> _Exercise aim_
Two lines below mark the span: the one containing "Below is an" and the one containing "- Поток воды 22 л/мин для ванны". Set down both, plus every line between, exactly as they stand, and nothing else.

> _Entries supplied_
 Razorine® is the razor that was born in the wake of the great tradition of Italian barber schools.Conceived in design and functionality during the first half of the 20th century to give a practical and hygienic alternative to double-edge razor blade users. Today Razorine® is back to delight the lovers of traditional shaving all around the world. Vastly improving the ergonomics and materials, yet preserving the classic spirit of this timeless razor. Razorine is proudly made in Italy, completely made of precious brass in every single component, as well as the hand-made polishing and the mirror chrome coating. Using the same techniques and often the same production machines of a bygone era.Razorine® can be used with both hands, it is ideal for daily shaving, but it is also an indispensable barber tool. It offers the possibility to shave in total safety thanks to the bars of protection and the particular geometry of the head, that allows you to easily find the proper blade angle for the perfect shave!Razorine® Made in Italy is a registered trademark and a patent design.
* * *
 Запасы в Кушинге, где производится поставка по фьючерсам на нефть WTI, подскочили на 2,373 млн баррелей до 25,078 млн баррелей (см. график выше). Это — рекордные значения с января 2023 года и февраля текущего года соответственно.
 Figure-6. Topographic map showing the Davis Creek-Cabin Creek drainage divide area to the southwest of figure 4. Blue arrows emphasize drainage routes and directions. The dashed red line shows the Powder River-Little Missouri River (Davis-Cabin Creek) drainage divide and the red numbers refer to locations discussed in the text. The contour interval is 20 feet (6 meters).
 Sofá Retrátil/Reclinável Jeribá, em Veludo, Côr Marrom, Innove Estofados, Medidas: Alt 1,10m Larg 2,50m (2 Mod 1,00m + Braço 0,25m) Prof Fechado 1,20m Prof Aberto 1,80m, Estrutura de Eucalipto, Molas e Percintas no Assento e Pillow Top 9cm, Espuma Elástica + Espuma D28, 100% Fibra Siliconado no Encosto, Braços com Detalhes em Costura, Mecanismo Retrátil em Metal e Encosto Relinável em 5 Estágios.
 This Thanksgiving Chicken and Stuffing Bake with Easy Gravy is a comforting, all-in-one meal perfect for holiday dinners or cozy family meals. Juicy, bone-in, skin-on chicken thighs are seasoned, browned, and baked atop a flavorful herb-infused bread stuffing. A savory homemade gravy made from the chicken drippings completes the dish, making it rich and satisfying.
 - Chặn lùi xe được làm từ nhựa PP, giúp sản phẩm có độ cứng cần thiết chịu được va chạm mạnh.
==
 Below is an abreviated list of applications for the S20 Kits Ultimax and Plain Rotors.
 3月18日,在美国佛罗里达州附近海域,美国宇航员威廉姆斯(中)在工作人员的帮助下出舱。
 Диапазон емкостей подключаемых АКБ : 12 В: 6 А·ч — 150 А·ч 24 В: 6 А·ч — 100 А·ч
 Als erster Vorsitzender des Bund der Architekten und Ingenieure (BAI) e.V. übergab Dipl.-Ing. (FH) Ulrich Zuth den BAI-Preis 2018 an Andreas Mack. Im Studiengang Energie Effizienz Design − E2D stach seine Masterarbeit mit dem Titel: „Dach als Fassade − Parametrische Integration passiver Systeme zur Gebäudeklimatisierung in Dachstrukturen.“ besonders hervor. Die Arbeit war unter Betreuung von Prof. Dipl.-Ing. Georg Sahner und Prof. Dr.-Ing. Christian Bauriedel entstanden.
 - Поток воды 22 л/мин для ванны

> _Problem solution_
 Below is an abreviated list of applications for the S20 Kits Ultimax and Plain Rotors.
 3月18日,在美国佛罗里达州附近海域,美国宇航员威廉姆斯(中)在工作人员的帮助下出舱。
 Диапазон емкостей подключаемых АКБ : 12 В: 6 А·ч — 150 А·ч 24 В: 6 А·ч — 100 А·ч
 Als erster Vorsitzender des Bund der Architekten und Ingenieure (BAI) e.V. übergab Dipl.-Ing. (FH) Ulrich Zuth den BAI-Preis 2018 an Andreas Mack. Im Studiengang Energie Effizienz Design − E2D stach seine Masterarbeit mit dem Titel: „Dach als Fassade − Parametrische Integration passiver Systeme zur Gebäudeklimatisierung in Dachstrukturen.“ besonders hervor. Die Arbeit war unter Betreuung von Prof. Dipl.-Ing. Georg Sahner und Prof. Dr.-Ing. Christian Bauriedel entstanden.
 - Поток воды 22 л/мин для ванны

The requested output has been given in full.